§ **EXERCISE INSTRUCTIONS**
Each line below from the "Other features include" line through the "GRAN Conference Brighton, Ontario" line, those two included, must be restated word for word; the pictures must not be.

§ **DATA FOR THIS EXERCISE**
※
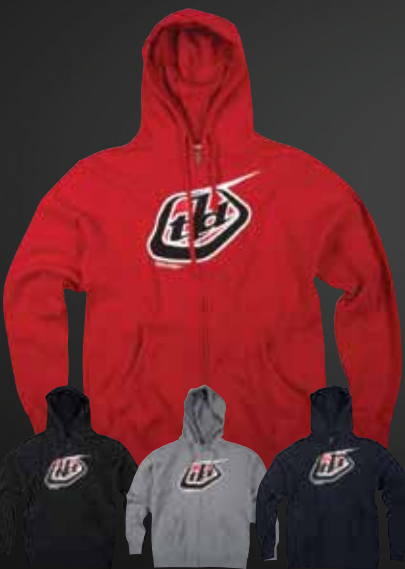
280g 80% cotton, 20% poly, basic zip-up hood, plastisol front graphics. Essentials item.
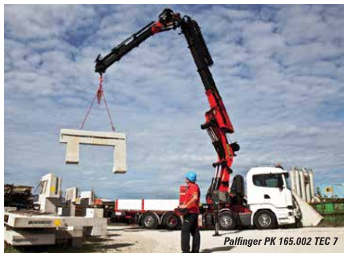
Palfinger PK 165.002 TEC 7

Other features include larger - 200mm higher - stronger car doors and strengthened aluminium flooring, allowing for larger car sizes up to five metres long with higher capacities up to 3,200kg. An extension option in the hoist roof allows items up to four metres long to be carried.
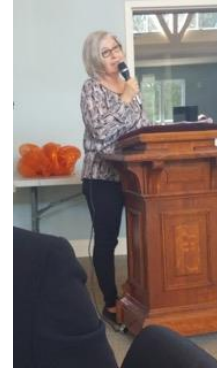
GRAN Conference Brighton, Ontario

There were regional gatherings, African films, speakers, and other activities which were above and beyond specific advocacy campaigns, but which brought GRANs together in the cause for African grandmothers. The vibrant Ottawa Regional group meets quarterly to share and educate and is central to organizing all the logistics surrounding the Hello Friends event.
※
§ **FINISHED EXERCISE**
Other features include larger - 200mm higher - stronger car doors and strengthened aluminium flooring, allowing for larger car sizes up to five metres long with higher capacities up to 3,200kg. An extension option in the hoist roof allows items up to four metres long to be carried.
GRAN Conference Brighton, Ontario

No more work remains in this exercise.